Thursday, February 17, 2011

Let’s go Trinitarian

WITH the trend to go increasingly technological that brings with it the increasingly esoteric jargon, I wonder if we can also go increasingly theological that brings it with its own load of increasingly special concepts and language.

I feel that both aspects of our life deserve our attention, since they are actually important, relevant and even crucial. We just have to undertake the appropriate plan of sharing the intricacies of these fields more widely.

This current rapid flow of developments is breeding so many changes in people that it is now said that we are altering our understanding of what generation is. Today, generation is not anymore a matter of one’s age, because even in the same age group, there could be many generations of people.

Besides, given this technology-determining trend of our society today, a generation can include very disparate variety of people in terms of age, background and orientation. Thus, one time I was amused to see a very techie 80-year-old priest feeling at home with teeners with spiked hair, and even speaking in jejemon.

A generation is now any group of people more or less made homogeneous by the level of technological access and knowledge that they possess. It’s a phenomenon that has its good aspects, but definitely also has negative and dangerous tendencies.

In the first place, we still do not know how this phenomenon will develop. There are now many things to consider and learn—the technologies continually pour out new programs--before we can make any intelligent projection of how things will be.

Still, we should not forget that even if we are experiencing a warp-speed kind of changes and developments, we as men continue to be the same, our human nature has a core that does not change.

We need to strengthen that core, or to keep it intact, since as men we, with our intelligence and freedom, are also capable of deforming our own nature. So we need to constantly remind ourselves about basic, indispensable truths about us that we have to promote and protect.

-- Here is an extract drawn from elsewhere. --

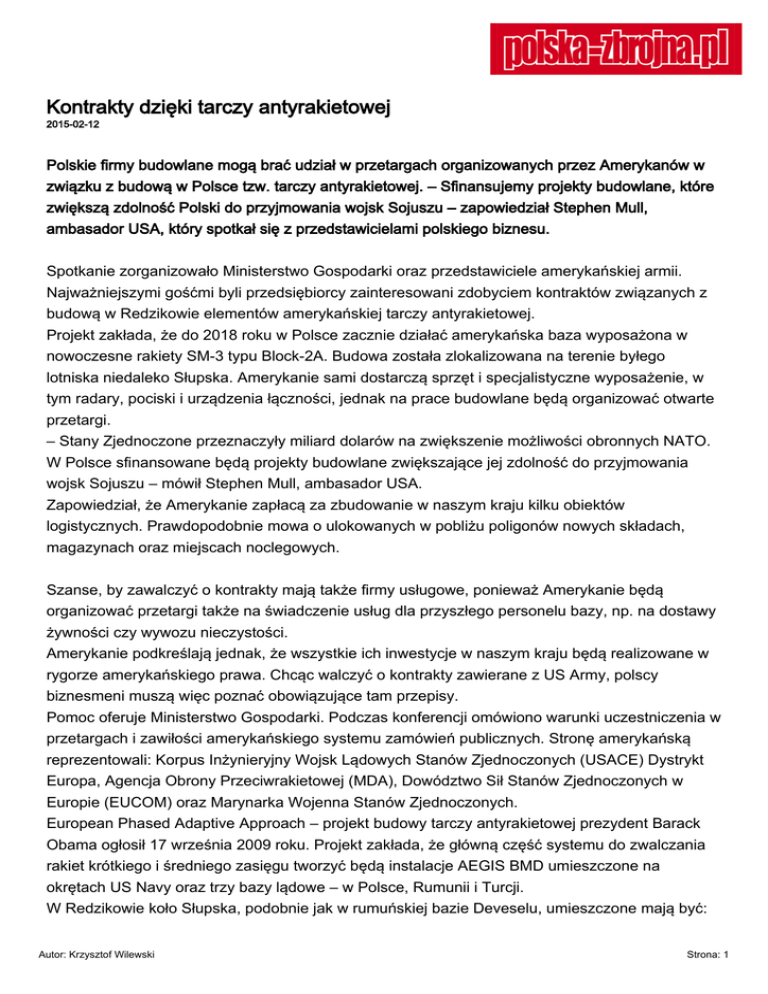 Kontrakty dzięki tarczy antyrakietowej 2015-02-12 Polskie firmy budowlane mogą brać udział w przetargach organizowanych przez Amerykanów w związku z budową w Polsce tzw. tarczy antyrakietowej. – Sfinansujemy projekty budowlane, które zwiększą zdolność Polski do przyjmowania wojsk Sojuszu – zapowiedział Stephen Mull, ambasador USA, który spotkał się z przedstawicielami polskiego biznesu. Spotkanie zorganizowało Ministerstwo Gospodarki oraz przedstawiciele amerykańskiej armii. Najważniejszymi gośćmi byli przedsiębiorcy zainteresowani zdobyciem kontraktów związanych z budową w Redzikowie elementów amerykańskiej tarczy antyrakietowej. Projekt zakłada, że do 2018 roku w Polsce zacznie działać amerykańska baza wyposażona w nowoczesne rakiety SM-3 typu Block-2A. Budowa została zlokalizowana na terenie byłego lotniska niedaleko Słupska. Amerykanie sami dostarczą sprzęt i specjalistyczne wyposażenie, w tym radary, pociski i urządzenia łączności, jednak na prace budowlane będą organizować otwarte przetargi. – Stany Zjednoczone przeznaczyły miliard dolarów na zwiększenie możliwości obronnych NATO. W Polsce sfinansowane będą projekty budowlane zwiększające jej zdolność do przyjmowania wojsk Sojuszu – mówił Stephen Mull, ambasador USA. Zapowiedział, że Amerykanie zapłacą za zbudowanie w naszym kraju kilku obiektów logistycznych. Prawdopodobnie mowa o ulokowanych w pobliżu poligonów nowych składach, magazynach oraz miejscach noclegowych. Szanse, by zawalczyć o kontrakty mają także firmy usługowe, ponieważ Amerykanie będą organizować przetargi także na świadczenie usług dla przyszłego personelu bazy, np. na dostawy żywności czy wywozu nieczystości. Amerykanie podkreślają jednak, że wszystkie ich inwestycje w naszym kraju będą realizowane w rygorze amerykańskiego prawa. Chcąc walczyć o kontrakty zawierane z US Army, polscy biznesmeni muszą więc poznać obowiązujące tam przepisy. Pomoc oferuje Ministerstwo Gospodarki. Podczas konferencji omówiono warunki uczestniczenia w przetargach i zawiłości amerykańskiego systemu zamówień publicznych. Stronę amerykańską reprezentowali: Korpus Inżynieryjny Wojsk Lądowych Stanów Zjednoczonych (USACE) Dystrykt Europa, Agencja Obrony Przeciwrakietowej (MDA), Dowództwo Sił Stanów Zjednoczonych w Europie (EUCOM) oraz Marynarka Wojenna Stanów Zjednoczonych. European Phased Adaptive Approach – projekt budowy tarczy antyrakietowej prezydent Barack Obama ogłosił 17 września 2009 roku. Projekt zakłada, że główną część systemu do zwalczania rakiet krótkiego i średniego zasięgu tworzyć będą instalacje AEGIS BMD umieszczone na okrętach US Navy oraz trzy bazy lądowe – w Polsce, Rumunii i Turcji. W Redzikowie koło Słupska, podobnie jak w rumuńskiej bazie Deveselu, umieszczone mają być: Autor: Krzysztof Wilewski Strona: 1 radar AN/SPY-1(D), radar kierowania ogniem Mk99 oraz kontenerowe wyrzutnie pocisków przeciwbalistycznych SM-3. Baza w Turcji będzie wyposażona jedynie w radary którymi opiekować się będzie kilkudziesięciu żołnierzy. W Polsce i w Rumunii stacjonować będzie po 200 amerykańskich wojskowych. Autor: Krzysztof Wilewski Strona: 2

Among these fundamental truths are that we have been created by God in his image and likeness and that with his grace we are made to participate in his very own life.

We are not meant to live by ourselves alone. The purpose and meaning of our life lies in God, not in our own selves. And so we have to see to it that we don’t get detached from God even as we immerse ourselves in the exhilarating world of our own creativity.

Since the life of God is Trinitarian, we need to know how to deal even while here on earth, even while pursuing our exciting earthly affairs, with the Father, the Son and the Holy Spirit. This will guarantee that whatever we do here would redound to our authentic good, that they are done with God and for God, and not just for ourselves.

In fact, our life should somehow reflect the Trinitarian character of divine life. God, though absolutely simple and one, is triune. That’s because even though he is one, he is not alone nor idle.

With his eternal dynamic life of knowing and loving, he generates within himself an eternal kind of spiral of relationship of Father, he who knows, the Son, the self-knowledge of God, and the Holy Spirit, the love between the Father and the Son.

These are persons who are consubstantial with each other, that is, each one of them is the fullness of God, and not just a part of God. They cannot be separated from one another. In the very one God, there’s one person who knows, another one who is known, and a third one who is the love. All these acting in eternity, and all at once.

For our life to reflect this Trinitarian life, we need to follow the teaching and example of Christ, the Son of God who became man who revealed to us this mystery of the Blessed Trinity.

Like him, we have to do no other than the will of the Father, and to do it in the Holy Spirit for it to acquire its ultimate eternal value proper to us. This is how our life and all our activities and concerns should be developed.

Perhaps as a guiding formula, we can use the expression: “By the Father, through the Son, in the Holy Spirit.” Such motto would also give us ideas of how to deal with each person of the Blessed Trinity, and really live Trinitarian daily, as we ought.